If you mean to keep as well as possible, the less you think about your health the better. You know enough not to eat or drink what you have found does not agree with you. You ought to know enough not to expose yourself needlessly to draughts. If you take a “constitutional,” walk with the wind when you can, and take a closed car against it if you can get one. Walking against the wind is one of the most dangerous kinds of exposure, if you are sensitive to cold. But except a few simple rules such as I have just given, let your health take care of itself so long as it behaves decently. If you want to be sure not to reach threescore and twenty, get a little box of homoeopathic pellets and a little book of homeopathic prescriptions. I had a poor friend who fell into that way, and became at last a regular Hahnemaniac. He left a box of his little jokers, which at last came into my hands. The poor fellow had cultivated symptoms as other people cultivate roses or chrysanthemums. What a luxury of choice his imagination presented to him! When one watches for symptoms, every organ in the body is ready to put in its claim. By and by a real illness attacked him, and the box of little pellets was shut up, to minister to his fancied evils no longer.

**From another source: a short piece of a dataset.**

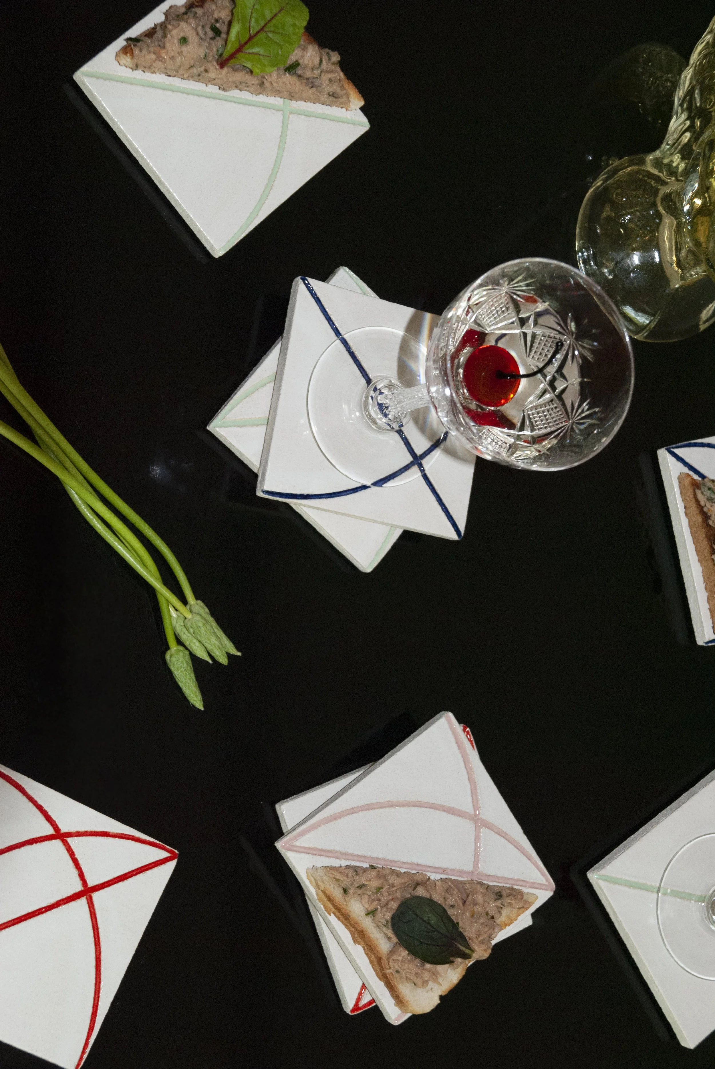 THE TOAST TILE is a decorative tile coaster adding sophisticated pattern play to wherever you put it. With a wooden plate underneath, not to scratch your table, it’s perfect for drinking vessels of all possible sizes & bottles, but toasts & other small bites also fit perfectly on them.

Let me tell you one thing. I think if patients and physicians were in the habit of recognizing the fact I am going to mention, both would be gainers. The law I refer to must be familiar to all observing physicians, and to all intelligent persons who have observed their own bodily and mental conditions. This is the curve of health. It is a mistake to suppose that the normal state of health is represented by a straight horizontal line. Independently of the well-known causes which raise or depress the standard of vitality, there seems to be,—I think I may venture to say there is,—a rhythmic undulation in the flow of the vital force. The “dynamo” which furnishes the working powers of consciousness and action has its annual, its monthly, its diurnal waves, even its momentary ripples, in the current it furnishes. There are greater and lesser curves in the movement of every day's life,—a series of ascending and descending movements, a periodicity depending on the very nature of the force at work in the living organism. Thus we have our good seasons and our bad seasons, our good days and our bad days, life climbing and descending in long or short undulations, which I have called the curve of health.

From this fact spring a great proportion of the errors of medical practice. On it are based the delusions of the various shadowy systems which impose themselves on the ignorant and half-learned public as branches or “schools” of science. A remedy taken at the time of the ascent in the curve of health is found successful. The same remedy taken while the curve is in its downward movement proves a failure.

So long as this biological law exists, so long the charlatan will keep his hold on the ignorant public. So long as it exists, the wisest practitioner will be liable to deceive himself about the effect of what he calls and loves to think are his remedies. Long-continued and sagacious observation will to some extent undeceive him; but were it not for the happy illusion that his useless or even deleterious drugs were doing good service, many a practitioner would give up his calling for one in which he could be more certain that he was really being useful to the subjects of his professional dealings. For myself, I should prefer a physician of a sanguine temperament, who had a firm belief in himself and his methods. I do not wonder at all that the public support a whole community of pretenders who show the portraits of the patients they have “cured.” The best physicians will tell you that, though many patients get well under their treatment, they rarely cure anybody. If you are told also that the best physician has many more patients die on his hands than the worst of his fellow-practitioners, you may add these two statements to your bundle of paradoxes, and if they puzzle you I will explain them at some future time.